Enhancement Request - Index Monitor in Adjoint Solver

[Andeloth]

In the adjoint sub-package, it would be nice to have a monitor in the objective functions, or some other way to pass in the refractive index/design parameter into an objective function.

Example: I want to multiply a quantity by the design parameter array to make the FOM function care about the places where the topology has a high index material and I want it to ignore places where it has a low index material. Currently I have to reference the OptimizationProblem object and retrieve the stored design region's weights. However, I'm not sure whether this method is properly auto -differentiable for the gradient calculation.

[stevengj]

The stored design region weights are the same as the input parameters, and hence are differentiable.

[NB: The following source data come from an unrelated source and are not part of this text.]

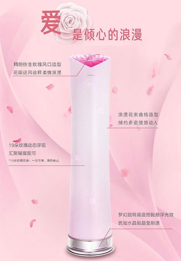 目前这款格力玫瑰空调仍然可以在线上购买,售价近3万元,造型像是一颗含苞待放的玫瑰,风口采用了仿生玫瑰的造型,空调腰身采用了类似花束的曲线设计,并且会动态浮现19夺玫瑰,而19多玫瑰花语则代表了一生守候、爱的重点。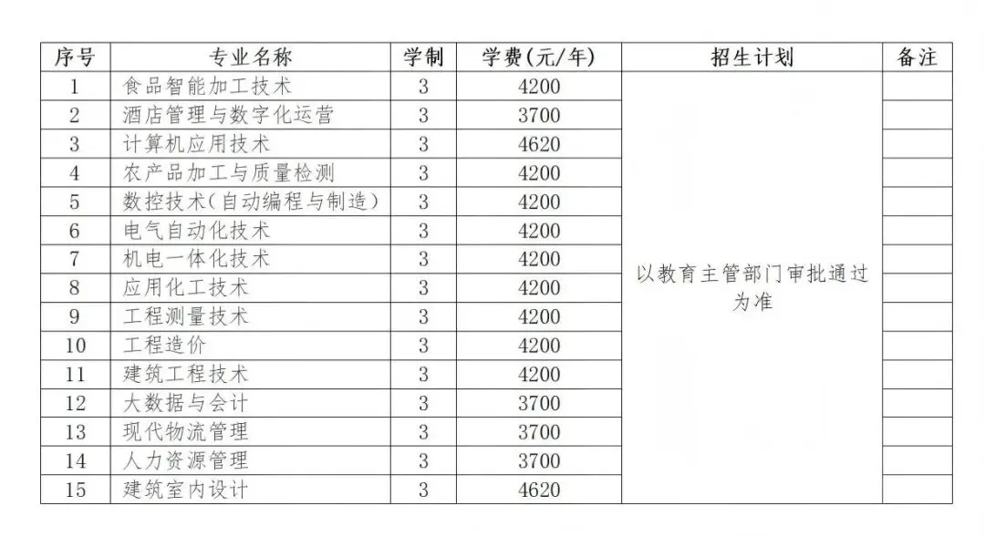 附件:2026年对口招生专业一览表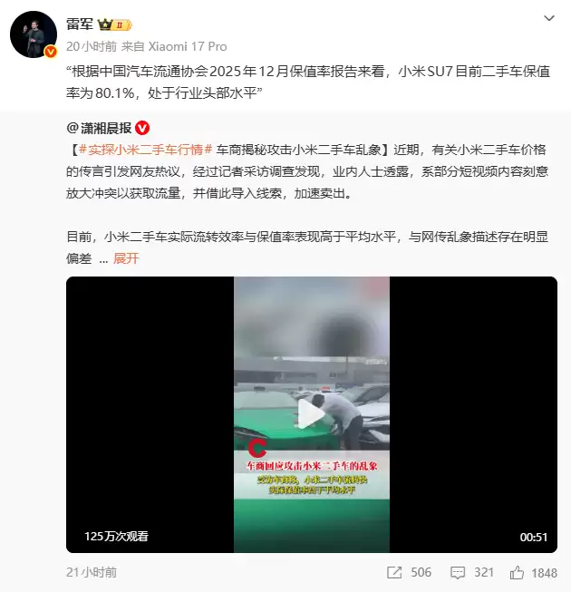 面对市场传闻,小米方面迅速作出回应。1月13日,小米科技创始人雷军通过微博辟谣“小米二手车无人问津”的说法,强调相关报道与事实不符。小米公关团队同步转发行业分析文章,呼吁公众理性看待市场波动。值得注意的是,中国汽车流通协会的报告显示,尽管短期价格承压,但小米SU7的保值率仍优于多数同级竞品,其市场认可度并未因短期波动出现根本性动摇。

Unfortunately, they are not the same as the material parameters if you use filtering and projection.

[smartalecH]

As @stevengj suggests, this is rather straightforward out of the box (although one could always make it easier for the user...).

As described in Ch. 2 of my dissertation, the complete (linear) adjoint gradient is defined by

$$ \frac{df}{d\textbf{u}} = \frac{\partial f}{\partial \textbf{u}} + \lambda^T\left(\frac{\partial A}{\partial \textbf{u}}x + \frac{\partial b}{\partial \textbf{u}}\right) $$

where $f$ is your FOM as a function of the $E$ fields, $H$ fields, or even the design variables themselves (i.e. a function of the permittivity) such that

$$ f(\textbf{u},E,H) = \dots $$

( $\textbf{u}$ are the design variables, $A$ is the maxwell operator, $b$ are the defined current sources, $x$ are the fields from the forward solve and $\lambda$ are the fields from the adjoint solve).

Normally, meep assumes that $\frac{\partial b}{\partial \textbf{u}}=0$ and $\frac{\partial f}{\partial \textbf{u}} =0$. In other words, the gradient that meep returns is just the $\lambda^T\frac{\partial A}{\partial \textbf{u}}x$ term.

In your case, to compute the total gradient, you need simply compute $\frac{\partial f}{\partial \textbf{u}}$ yourself (or by using Autograd, Jax, PyTorch, etc.) and add it to the gradient Meep computes.

But be warned, as @stevengj said, you need to fully backpropagate through your mapping function, just like you do with Meep's gradient. You must backpropagate each term before doing the summation (unless your mapping function is linear... then the order shouldn't matter).

So again, it's really not too hard to do what you manually. But if you (or someone else) wanted to create a unified API that did this automatically, that would be great! (if you use the new subpixel smoothing features with the built in tanh functions, then you really want to automate this and create a routine in the C++ code that does the backprop for you... but for now I would just not use the subpixel smoothing routine as it's rather nascent still)

[Andeloth]

That explanation with the math written out helps a lot, thanks Alec :D. One day I'd like to make enhancements to the code base myself, but I feel like at the moment my understanding of the C++ backend is too weak to be able to contribute quality code 😅. But I hope to get there eventually!